Thu Oct 8 11:50:02 UTC 2015

On 10/07/2015 11:42 PM, Neil Brown wrote:
> Heinz Mauelshagen <heinzm at redhat.com> writes:
>
>> On 10/01/2015 12:20 AM, Neil Brown wrote:
>>> Heinz Mauelshagen <heinzm at redhat.com> writes:
>>>> BTW:
>>>> When you create a raid1/4/5/6/10 LVs _and_ never read what you have not
>>>> written,
>>>> "--nosync" can be used anyway in order to avoid the initial
>>>> resynchronization load
>>>> on the devices.
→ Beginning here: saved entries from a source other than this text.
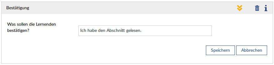 In einer Courseware die sequentiell abgearbeitet werden soll müssen die in einer Sektion enthaltenen Blöcke bearbeitet werden damit das nächste Kapitel aufgerufen werden kann. Da manche Blöcke wie z.B. Freitext-Block, IFrame-Block etc. nur das betrachten als Bestehenskriterium haben, kann mit dem Bestätigungs-Block eine zusätzliches Bestehenskriterium eingefügt werden. Erst wenn der Nutzer bestätigt, dass er die Sektion bearbeitet, gelesen und oder betrachtet hat, wird die Sektion als erfolgreich bearbeitet vermerkt.
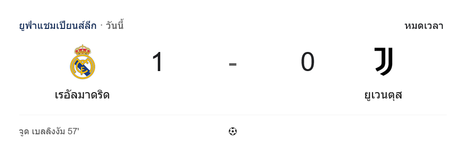 จาก : ผลบอลสด ยูฟ่าแชมเปียนส์ลีก ระหว่าง เรอัล มาดริด 1-0 ยูเวนตุส วันนี้ 23/10/68 – บ้านกีฬา
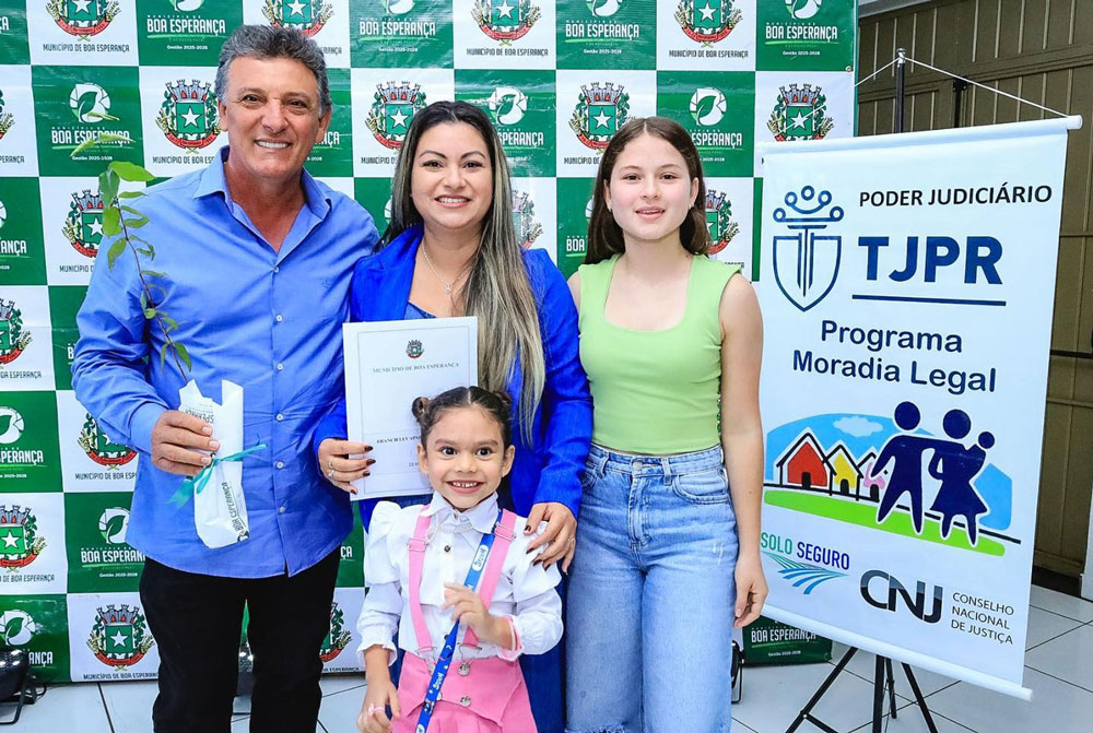 O sonho da casa própria se tornou realidade para 47 famílias de Boa Esperança. Elas receberam os títulos de propriedade de seus imóveis, localizados nos conjuntos Vilas Boas e Jardim América. A ação foi realizada em parceria entre o município e o Tribunal de Justiça do Paraná (TJ-PR), por meio do Programa Moradia Legal.
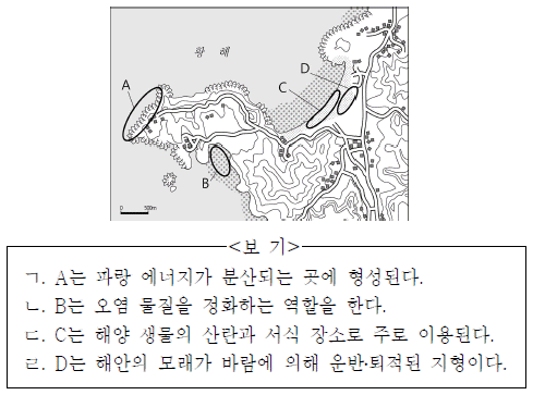 지도의 A∼D에 대한 옳은 설명을 <보기>에서 고른 것은? [3점]
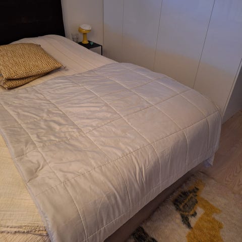Siisti ja puhdas vaalea päiväpeitto parisänkyyn. Kokonsa vuoksi postitus ei ole mahdollista, vain nouto.
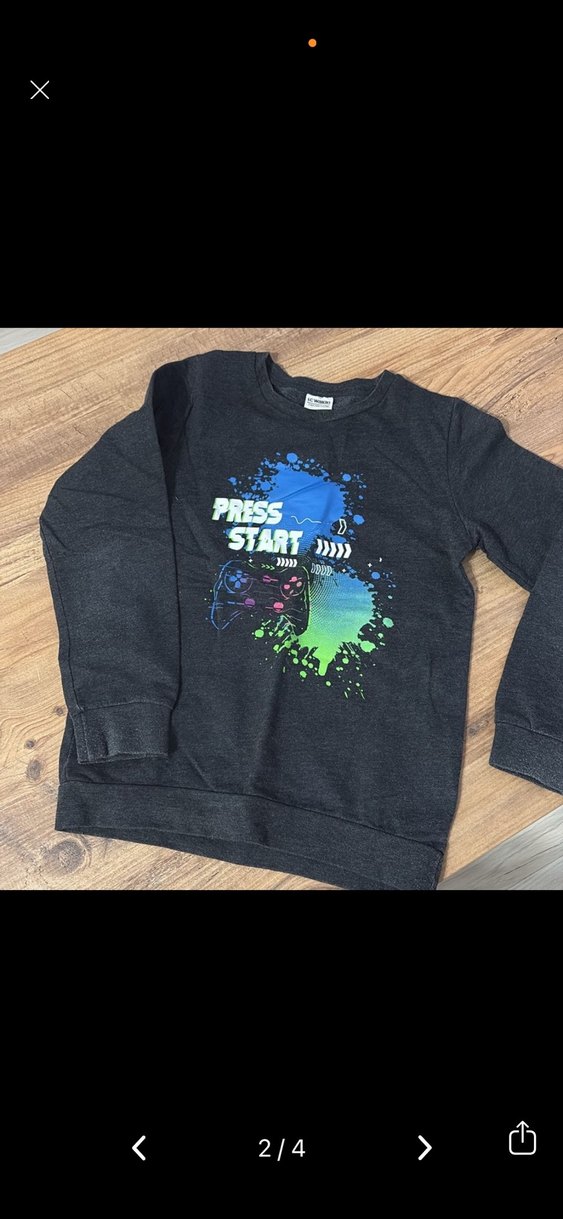Siyah, uzun kollu, yuvarlak yaka ve bol kesim erkek sweatshirt. Renkli baskılı grafikler ve 'PRESS START' yazısı bulunur. Yumuşak ve sıcak kumaştan üretilmiştir.
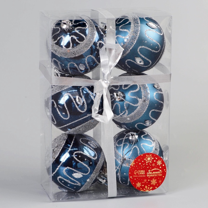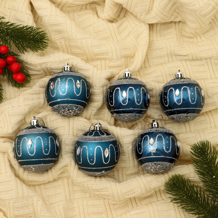 Ёлочные игрушки «Карнавальная ночь», шары новогодние, d=7 см, набор 6 шт., синий — Характеристики
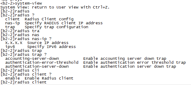 【】括号内,输入了之后打“?”,只有client,nas-ip,trap这3个选项
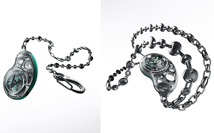 ▲除了放置在口袋,Arsham Droplet钛晶怀表也能加上项链掛在颈项间。

Any data written in that case will update all
>>>> mirrors/raid redundancy data.
>>>>
>>> While this is true for RAID1 and RAID10, and (I think) for the current
>>> implementation of RAID6, it is definitely not true for RAID4/5.
>> Thanks for the clarification.
>>
>> I find that to be really bad situation.
>>
>>
>>> For RAID4/5 a single-block write will be handled by reading
>>> old-data/parity, subtracting the old data from the parity and adding the
>>> new data, then writing out new data/parity.
>> Obviously for optimization reasons.
>>
>>> So if the parity was wrong before, it will be wrong afterwards.
>> So even overwriting complete stripes in raid4/5/(6)
>> would not ensure correct parity, thus always requiring
>> initial sync.
> No, over-writing complete stripes will result in correct parity.
> Even writing more than half of the data in a stripe will result in
> correct parity.

Useless, as you say, because we can never be sure, that
any filesystem/dbms/... upstack will guarantee >= half stripe
writes initially; even more so with many devices and large chunk sizes...

>
> So if you have a filesystem which only ever writes full stripes, then
> there is no need to sync at the start.  But I don't know any filesysetms
> which promise that.
>
> If you don't sync at creation time, then you may be perfectly safe when
> a device fails, but I can't promise that.  And without guarantees, RAID
> is fairly pointless.

Indeed.

>
>> We should think about a solution to avoid it in lieu
>> of growing disk/array sizes.
> With spinning-rust devices you need to read the entire array ("scrub")
> every few weeks just to make sure the media isn't degrading.  When you
> do that it is useful to check that the parity is still correct - as a
> potential warning sign of problems.
> If you don't sync first, then checking the parity doesn't tell you
> anything.

Yes, aware of this.

My point was avoiding superfluous mass io whenever possible.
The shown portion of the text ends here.